## PROMPT
Pictures in the records below must be left out. Return exactly the lines from the line with "Sin título - Ohne" to the line with "Gelungene Fasnachtsfeier in", both included.

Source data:
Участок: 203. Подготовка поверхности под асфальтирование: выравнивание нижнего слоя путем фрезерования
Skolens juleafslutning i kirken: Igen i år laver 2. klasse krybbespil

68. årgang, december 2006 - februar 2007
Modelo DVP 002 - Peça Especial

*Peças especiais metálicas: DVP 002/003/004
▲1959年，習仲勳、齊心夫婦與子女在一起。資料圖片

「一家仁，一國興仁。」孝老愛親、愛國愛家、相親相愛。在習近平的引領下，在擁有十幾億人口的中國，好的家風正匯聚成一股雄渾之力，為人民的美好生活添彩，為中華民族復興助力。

==

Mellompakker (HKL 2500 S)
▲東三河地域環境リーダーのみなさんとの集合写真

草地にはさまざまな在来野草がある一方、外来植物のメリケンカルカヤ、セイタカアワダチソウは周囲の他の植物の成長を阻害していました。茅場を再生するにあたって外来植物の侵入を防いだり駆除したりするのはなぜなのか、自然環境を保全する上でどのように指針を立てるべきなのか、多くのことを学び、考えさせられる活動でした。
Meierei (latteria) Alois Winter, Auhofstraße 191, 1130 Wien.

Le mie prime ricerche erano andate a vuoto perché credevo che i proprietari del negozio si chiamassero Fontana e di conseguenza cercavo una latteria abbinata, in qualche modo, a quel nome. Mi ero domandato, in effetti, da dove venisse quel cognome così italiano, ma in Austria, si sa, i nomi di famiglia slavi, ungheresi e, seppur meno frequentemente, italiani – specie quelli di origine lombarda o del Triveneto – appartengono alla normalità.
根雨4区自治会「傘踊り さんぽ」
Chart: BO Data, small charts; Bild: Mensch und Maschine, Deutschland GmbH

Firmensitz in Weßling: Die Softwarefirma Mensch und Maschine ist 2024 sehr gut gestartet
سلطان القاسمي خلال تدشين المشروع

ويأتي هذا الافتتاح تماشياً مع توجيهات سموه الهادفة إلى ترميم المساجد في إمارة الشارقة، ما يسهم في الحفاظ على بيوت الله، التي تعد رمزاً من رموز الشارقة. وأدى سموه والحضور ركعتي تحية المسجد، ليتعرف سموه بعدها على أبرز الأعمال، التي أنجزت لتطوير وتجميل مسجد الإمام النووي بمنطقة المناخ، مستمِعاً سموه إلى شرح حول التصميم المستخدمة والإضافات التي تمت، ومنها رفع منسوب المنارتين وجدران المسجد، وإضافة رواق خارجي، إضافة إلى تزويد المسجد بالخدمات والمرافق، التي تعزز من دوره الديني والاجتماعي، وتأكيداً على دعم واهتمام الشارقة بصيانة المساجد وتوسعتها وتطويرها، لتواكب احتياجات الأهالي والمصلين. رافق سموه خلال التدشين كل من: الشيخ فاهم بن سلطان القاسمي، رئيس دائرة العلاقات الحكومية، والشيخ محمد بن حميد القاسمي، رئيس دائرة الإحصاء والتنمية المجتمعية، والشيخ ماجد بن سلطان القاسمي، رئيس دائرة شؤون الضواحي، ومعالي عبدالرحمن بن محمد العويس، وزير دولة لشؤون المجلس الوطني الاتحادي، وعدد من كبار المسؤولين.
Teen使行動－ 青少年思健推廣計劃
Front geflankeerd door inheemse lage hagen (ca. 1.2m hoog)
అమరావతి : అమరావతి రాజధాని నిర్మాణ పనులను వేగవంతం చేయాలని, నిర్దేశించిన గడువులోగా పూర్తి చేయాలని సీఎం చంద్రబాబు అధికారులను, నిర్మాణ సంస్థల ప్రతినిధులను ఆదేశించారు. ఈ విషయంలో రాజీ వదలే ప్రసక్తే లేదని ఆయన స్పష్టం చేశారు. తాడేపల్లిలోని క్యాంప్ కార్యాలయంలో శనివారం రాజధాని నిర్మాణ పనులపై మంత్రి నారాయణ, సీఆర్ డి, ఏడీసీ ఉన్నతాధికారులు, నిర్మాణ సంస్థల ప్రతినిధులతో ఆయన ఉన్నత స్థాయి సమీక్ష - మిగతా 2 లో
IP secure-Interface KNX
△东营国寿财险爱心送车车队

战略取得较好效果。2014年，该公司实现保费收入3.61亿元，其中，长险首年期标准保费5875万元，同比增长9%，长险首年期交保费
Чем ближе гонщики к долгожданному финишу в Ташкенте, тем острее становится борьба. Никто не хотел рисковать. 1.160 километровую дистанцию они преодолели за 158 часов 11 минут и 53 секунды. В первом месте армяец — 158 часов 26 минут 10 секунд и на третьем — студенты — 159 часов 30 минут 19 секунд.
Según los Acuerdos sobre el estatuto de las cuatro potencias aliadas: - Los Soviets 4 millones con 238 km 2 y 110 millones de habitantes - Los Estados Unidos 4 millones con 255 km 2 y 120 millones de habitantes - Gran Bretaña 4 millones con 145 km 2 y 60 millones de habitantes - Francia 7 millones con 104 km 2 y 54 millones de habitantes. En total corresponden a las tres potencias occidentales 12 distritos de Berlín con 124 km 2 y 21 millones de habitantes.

...

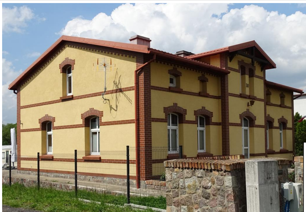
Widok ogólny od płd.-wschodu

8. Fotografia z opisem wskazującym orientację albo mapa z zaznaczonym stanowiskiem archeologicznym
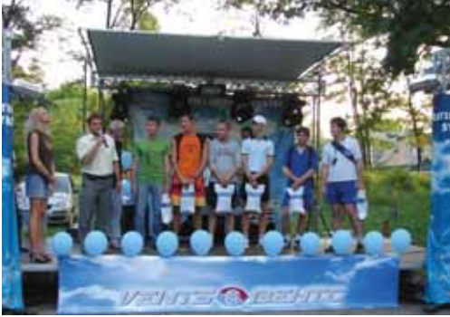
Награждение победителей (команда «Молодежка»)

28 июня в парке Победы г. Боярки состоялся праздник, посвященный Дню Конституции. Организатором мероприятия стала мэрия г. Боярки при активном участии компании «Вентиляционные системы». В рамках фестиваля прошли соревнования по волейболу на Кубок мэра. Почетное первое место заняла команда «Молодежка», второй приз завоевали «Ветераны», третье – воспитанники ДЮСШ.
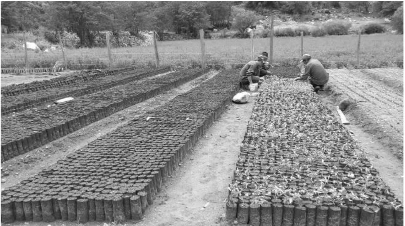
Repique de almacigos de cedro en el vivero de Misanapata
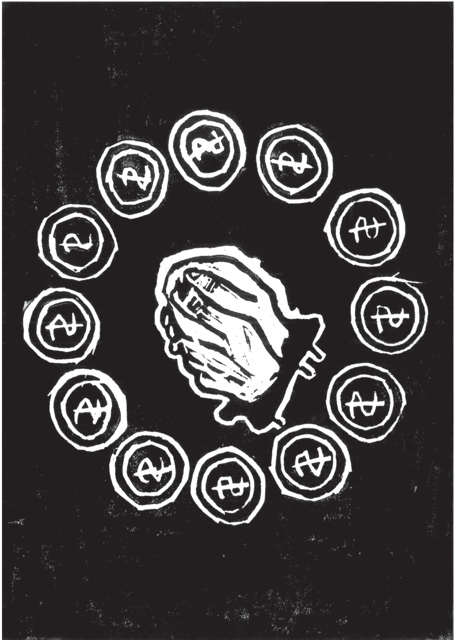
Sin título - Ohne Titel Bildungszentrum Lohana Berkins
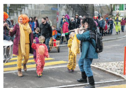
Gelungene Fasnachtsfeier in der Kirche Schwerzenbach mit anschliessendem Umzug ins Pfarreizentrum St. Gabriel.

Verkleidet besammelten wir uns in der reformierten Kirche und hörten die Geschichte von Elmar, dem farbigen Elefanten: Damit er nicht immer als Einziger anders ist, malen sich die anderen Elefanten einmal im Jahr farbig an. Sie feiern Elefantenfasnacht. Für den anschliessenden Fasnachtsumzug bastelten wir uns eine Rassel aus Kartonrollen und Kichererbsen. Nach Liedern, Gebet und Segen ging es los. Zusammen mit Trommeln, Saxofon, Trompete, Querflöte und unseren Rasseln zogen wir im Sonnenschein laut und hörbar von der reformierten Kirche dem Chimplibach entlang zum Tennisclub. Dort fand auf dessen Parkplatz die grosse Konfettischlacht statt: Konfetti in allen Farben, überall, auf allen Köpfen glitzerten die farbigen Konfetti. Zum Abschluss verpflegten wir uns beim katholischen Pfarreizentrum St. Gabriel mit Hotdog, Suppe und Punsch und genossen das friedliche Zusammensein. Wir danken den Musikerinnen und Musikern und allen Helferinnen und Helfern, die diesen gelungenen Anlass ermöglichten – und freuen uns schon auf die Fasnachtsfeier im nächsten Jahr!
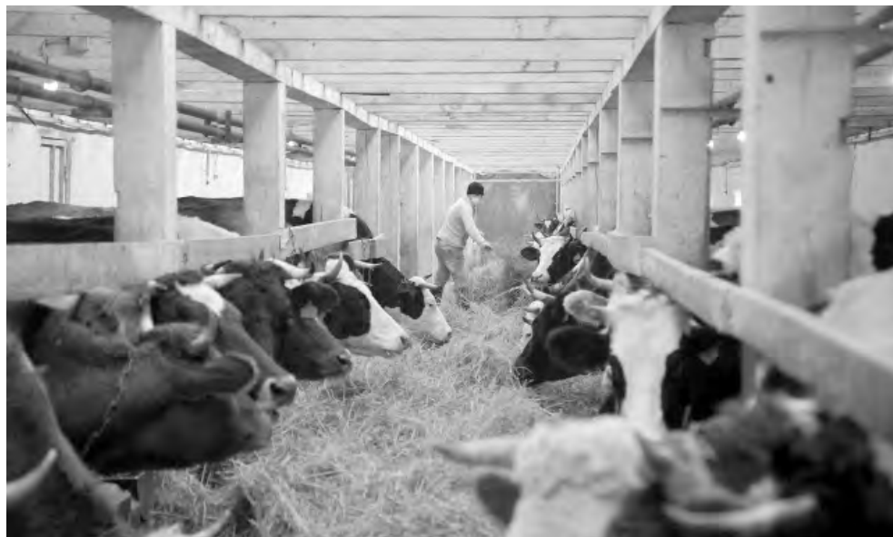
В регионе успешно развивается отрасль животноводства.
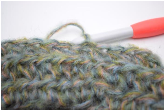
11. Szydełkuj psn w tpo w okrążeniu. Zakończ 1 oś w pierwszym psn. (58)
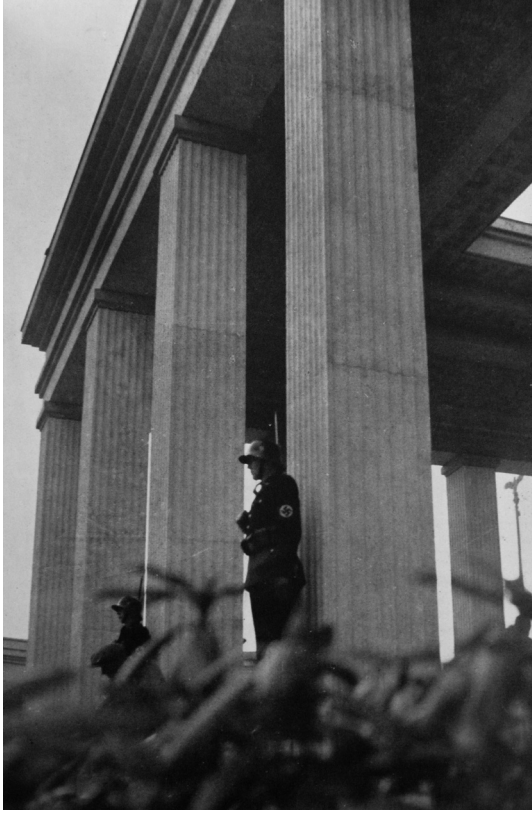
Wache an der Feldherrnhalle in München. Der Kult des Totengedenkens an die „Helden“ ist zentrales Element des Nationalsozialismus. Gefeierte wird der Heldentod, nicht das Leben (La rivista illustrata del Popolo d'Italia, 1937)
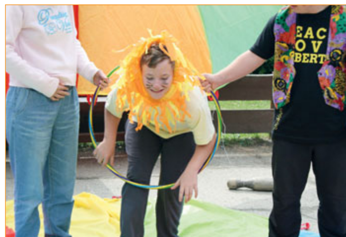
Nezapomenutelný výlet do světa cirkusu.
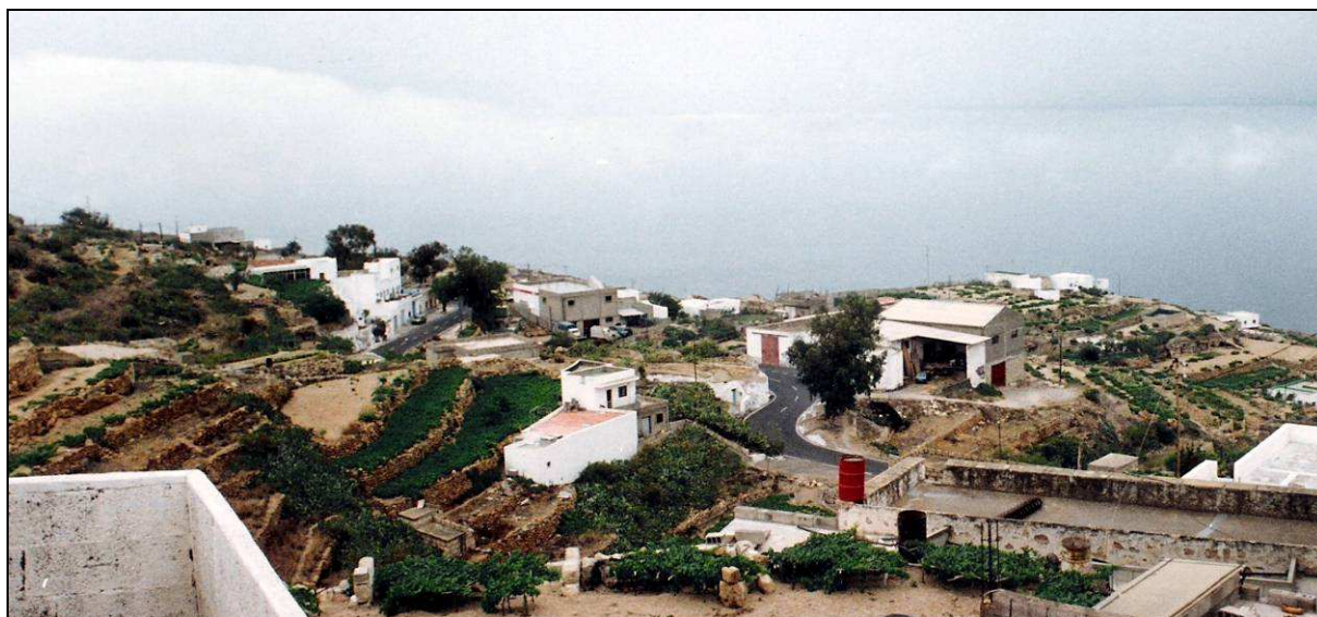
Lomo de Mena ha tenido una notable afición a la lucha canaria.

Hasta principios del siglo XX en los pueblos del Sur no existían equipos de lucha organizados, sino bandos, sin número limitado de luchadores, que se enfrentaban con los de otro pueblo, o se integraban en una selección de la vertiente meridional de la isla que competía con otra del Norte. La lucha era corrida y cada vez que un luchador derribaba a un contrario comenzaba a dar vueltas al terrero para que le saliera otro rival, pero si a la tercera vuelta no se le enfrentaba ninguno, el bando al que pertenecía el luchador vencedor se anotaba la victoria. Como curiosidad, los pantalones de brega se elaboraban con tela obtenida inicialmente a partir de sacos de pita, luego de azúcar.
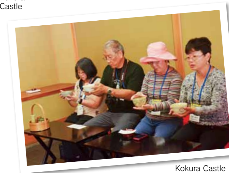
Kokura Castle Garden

## OUTPUT
Sin título - Ohne Titel Bildungszentrum Lohana Berkins
Gelungene Fasnachtsfeier in der Kirche Schwerzenbach mit anschliessendem Umzug ins Pfarreizentrum St. Gabriel.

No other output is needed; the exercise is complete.